The Men's shot put event at the 2011 World Championships in Athletics was held at the Daegu Stadium on September 1 and 2.

David Storl made a major improvement to achieve a new personal best of 21.50, leading the qualifying round by 45 cm (a foot and a half).

2007 Champion, Reese Hoffa, took the early lead and held it until Storl threw a new personal best of 21.60 in the second round. Andrei Mikhnevich put a 21.40 in the third round to get close to Storl. In the fourth round, world leader, Dylan Armstrong, took the lead with a 21.64, which held up as the leader until the final throw of the competition, when Storl threw a third personal best of 21.78 to win.

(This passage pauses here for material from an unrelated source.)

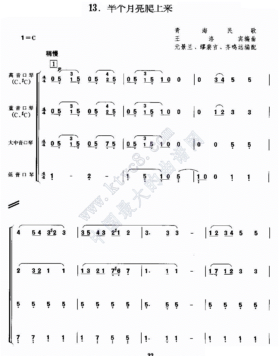 > 谱半个月亮爬上来 合奏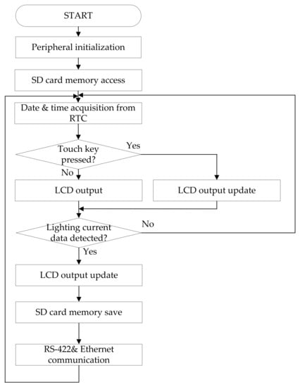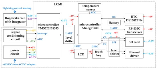 If a cable bridge is struck by lightning, the lightning current flows through the down conductor. A Rogowski coil with a passive RC integrator was installed to encircle the down conductor and sense the lightning current. The output of the Rogowski coil-based current sensor is fed into the signal conditioning circuit inside the LCMI. When a lightning current is detected, the signal conditioning circuit generates an interrupt signal and transfers the lightning current signal to the microcontroller. The microcontroller interrupt service routine analyzes the lightning current signal upon receiving the interrupt signal. The microcontroller measures (front time), (time to half value), Q (energy), and lightning class (whether the lightning current is induced or direct) through lightning current waveform analysis [7]. The microcontroller receives lightning current information analyzed by the microcontroller through a universal asynchronous receiver/transmitter (UART). It saves the lightning current information obtained from the DS and the date and time information from the real-time clock (RTC) to the SD card. For the battery, Seiko Semiconductor’s MS920SE-FL27E was used to prevent the date and time information of the RTC from being deleted when the power was turned off. The LCMI has an LCD to display information. The data are transmitted via Ethernet and RS-232C. The power circuit receives 15 VDC from the AC/DC adapter. The output of the power circuit consists of ±12 V for the signal conditioning circuit, +5 V for the microcontroller, and +3.3 V and +1.8 V for the microcontroller. Level shifters were used between the microcontroller and the microcontroller and between the microcontroller, SD card, and Ethernet drivers to adjust the voltage levels. The LCD was be used to check the detection data. A touch key was used for the field operation. Figure 4 shows a block diagram of the proposed LCMI.

In 2013, it was revealed that Andrei Mikhnevich tested positive for a prohibited substance at the 2005 World Championships. Since this was his second offense, he was given a lifetime ban and all his results from August 2005 and on were annulled.

==Medalists==

| Gold | Silver | Bronze |
|---|---|---|
| David Storl Germany | Dylan Armstrong Canada | Christian Cantwell United States |

==Records==
Prior to the competition, the established records were as follows.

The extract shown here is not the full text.